I'm having trouble generating the documentation once all the processing is finished.
The integration between dbt and cloud composer is done via airflow-dbt and I have setup a task for the DbtDocsGenerateOperator.
The DAG actually runs fine, and I can see in the log that the catalog.json
file is being written to the target folder in the correspondent cloud bucket, but the file is not there.
Doing some investigation on the GCP logging, I've notice that there's a process called gcs-syncd
that is apparently removing the file.
Wondering if anyone has had success in this integration before and was able to generate the dbt docs from cloud composer?
{
insertId: "**********"
labels: {2}
logName: "************/logs/gcs-syncd"
receiveTimestamp: "****-**-****:**:33.621914158*"
resource: {2}
severity: "INFO"
textPayload: "Removing file:///home/airflow/gcs/dags/target/catalog.json"
timestamp: "****-**-****:**:28.220171689Z"
}
Followed by this error message:
{
insertId: "rdvl8sfx903ai0y8"
labels: {
compute.googleapis.com/resource_name: "***************"
k8s-pod/config_id: "************************"
k8s-pod/pod-template-hash: "*************"
k8s-pod/run: "airflow-worker"
}
logName: "************/logs/stderr"
receiveTimestamp: "****-**-****:**:28.921706522Z"
resource: {
labels: {6}
type: "k8s_container"
}
severity: "ERROR"
textPayload: "Removing file:///home/airflow/gcs/dags/target/catalog.json"
timestamp: "****-**-****:**:28.220171689Z"
}
The airflow log doesn't show me any errors at all, and the process succeeds with the message:
[2021-11-14 21:08:10,601] {dbt_hook.py:130} INFO - 21:08:10 |
[2021-11-14 21:08:10,679] {dbt_hook.py:130} INFO - 21:08:10 | Done.

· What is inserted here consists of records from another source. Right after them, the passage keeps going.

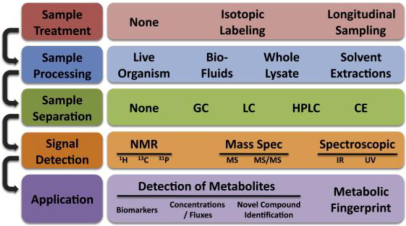 The typical workflow for single cell metabolomics analysis. Multiple experimental steps are involved in the metabolomics study, each one with different possible methodologies. Reprinted with permission from [128], Copyright (2010) Elsevier Inc.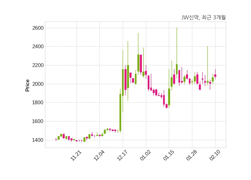 한편, JW신약은 장 마감 이후 해당 기업공시를 발표했으며 오늘 종가가 2,080원, 거래량은 1,451,163주로, 직전 거래일 대비 10원(+0.48%) 상승했다.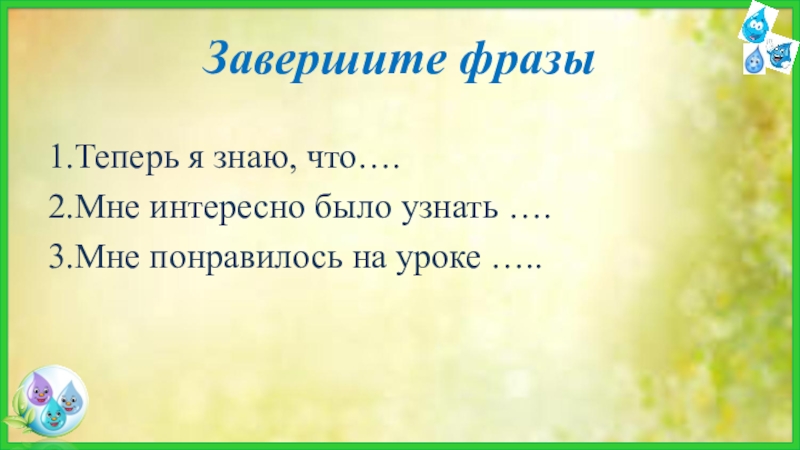 Завершите фразы1.Теперь я знаю, что….2.Мне интересно было узнать ….3.Мне понравилось на уроке …..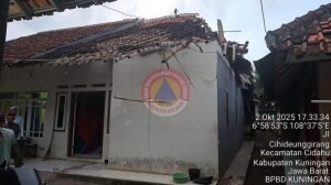 Rumah permanen tersebut milik HG(63 tahun), dihuni oleh dua kepala keluarga dengan total tujuh jiwa. Berdasarkan hasil kaji cepat BPBD Kabupaten Kuningan, bagian atap samping depan rumah berukuran 4 x 8 meter ambruk, dan menyebabkan plafon dua kamar tidur di bawahnya jebol tertimpa material bangunan.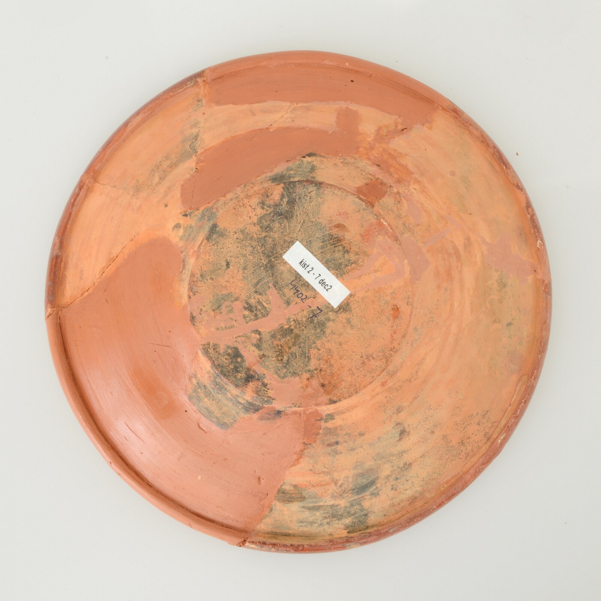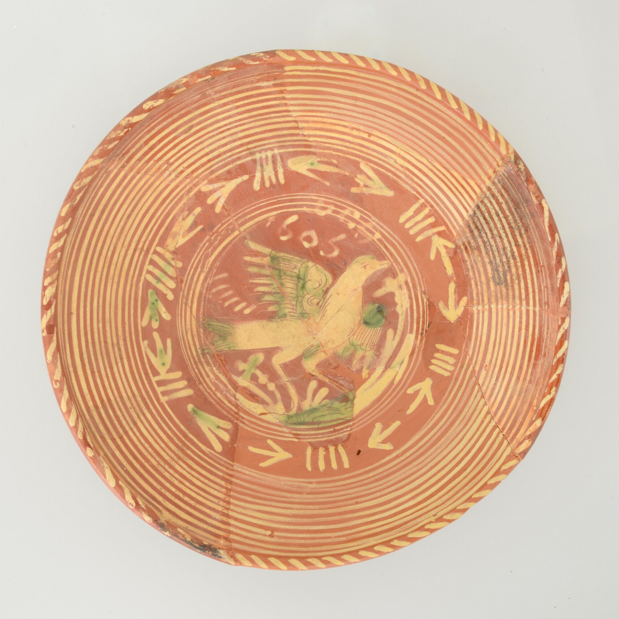 Schotel; wa-bor-1; roodbakkend, loodglazuur, slibversiering; slib-krastechniek; vlag: concentrische cirkels, ornamentbanden, spiegel: vogel met gespreide vleugels, initialen DCS en jaartal 1605; standvlak; productieplaats: Enkhuizen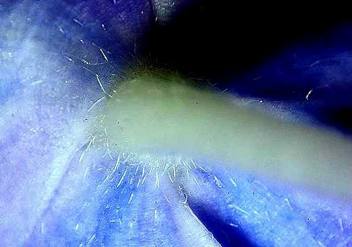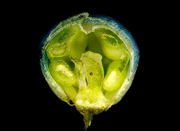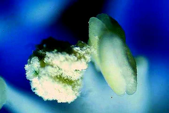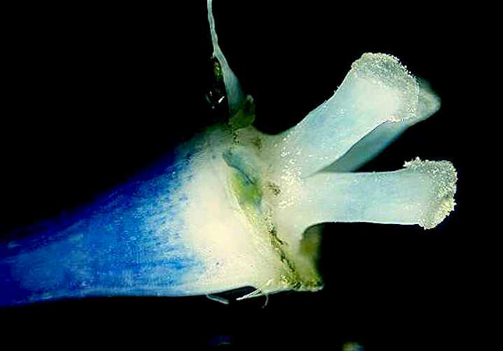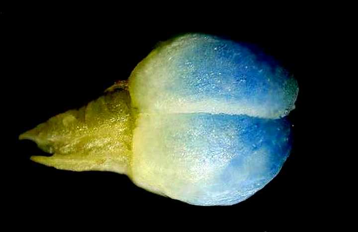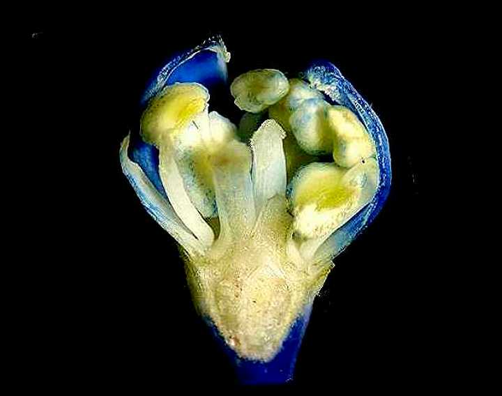 がく片をはがし、中央の青いつぼみを取りだします。 4〜5枚の青い 中はどのようになっているのでしょうか。 |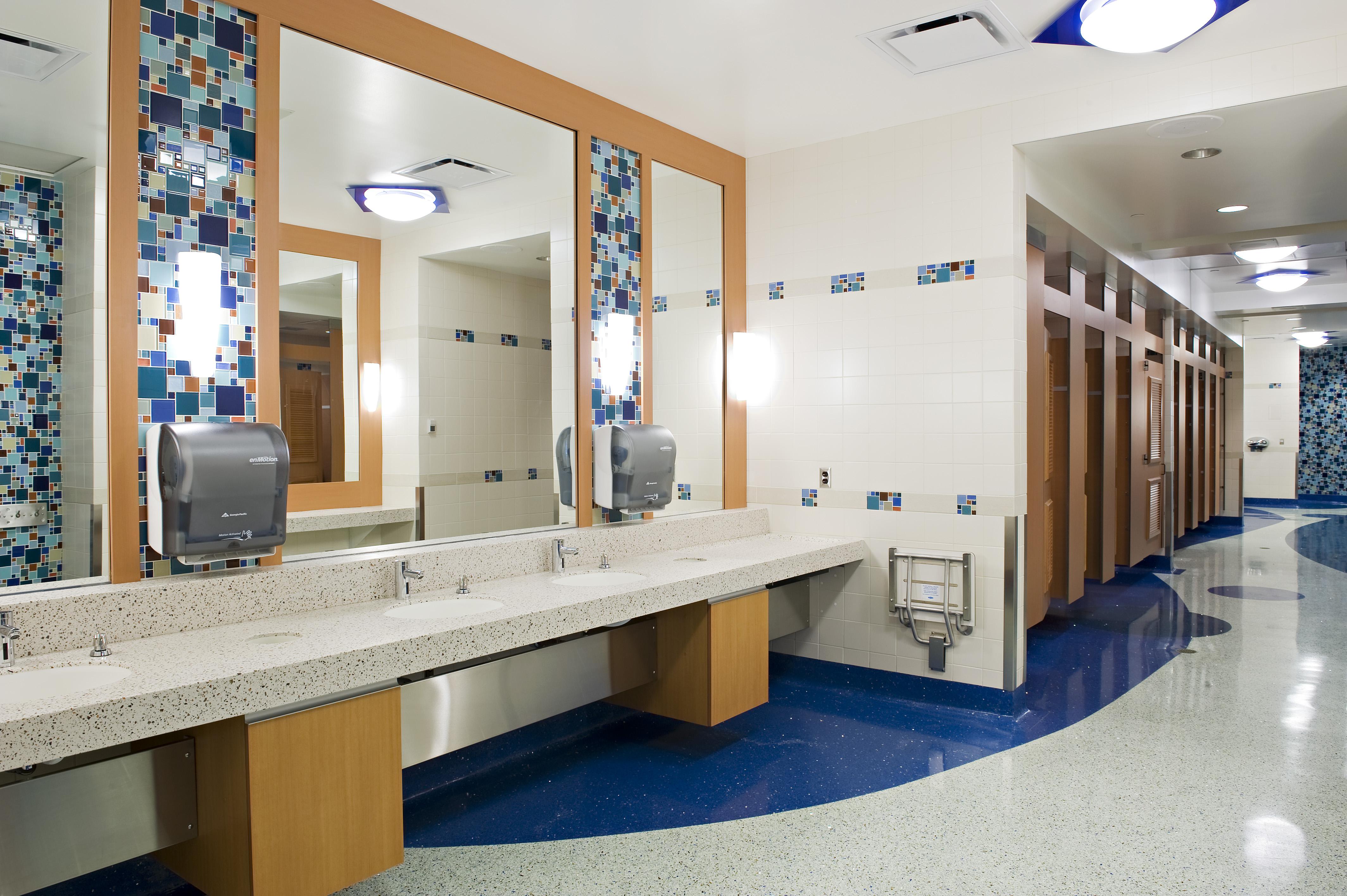 At YVR, travellers find clean, modern washrooms in which to freshen up during their journeys. The washroom walls in C-Pier of the Domestic Terminal are covered in shades of blue, red, and yellow mosaic tiles. Wave-shaped blue flooring winds down the curved corridor, leading guests to their choice of bathroom stalls.
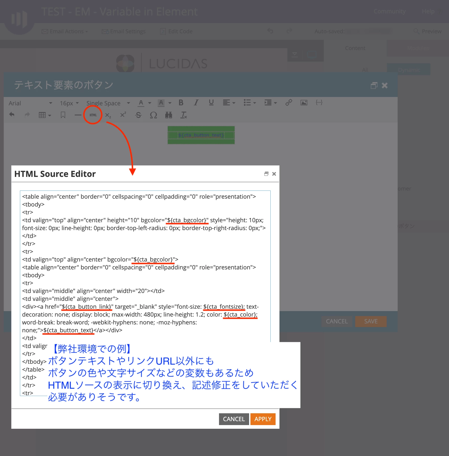 セグメント毎に変更する内容としてはテキスト(CTA Text)とリンク先(CTA URL)で、いずれも変数で値を設定する形になっています。

[2021-11-14 21:08:10,682] {dbt_hook.py:130} INFO - 21:08:10 | Building catalog
[2021-11-14 21:08:43,054] {dbt_hook.py:130} INFO - 21:08:43 | Catalog written to /home/airflow/gcs/dags/target/catalog.json
[2021-11-14 21:08:43,578] {dbt_hook.py:132} INFO - Command exited with return code 0
[2021-11-14 21:08:47,822] {taskinstance.py:1213} INFO - Marking task as SUCCESS.
Upvotes: 1
Views: 924
Reputation: 34
The problem here is that you're writing your catalog file to a location on a worker node that is mounted to the dags folder in gcs, which airflow and cloud composer manages. Per the documentation,
When you modify DAGs or plugins in the Cloud Storage bucket, Cloud Composer synchronizes the data across all the nodes in the cluster.
Cloud Composer synchronizes the dags/ and plugins/ folders uni-directionally by copying locally. Unidirectional synching means that local changes in these folders are overwritten.
The data/ and logs/ folders synchronize bi-directionally by using Cloud >Storage FUSE.
If you change the location of this file to /home/airflow/gcs/data/target/catalog.json, you should be fine as that syncs bi-directionally
Upvotes: 0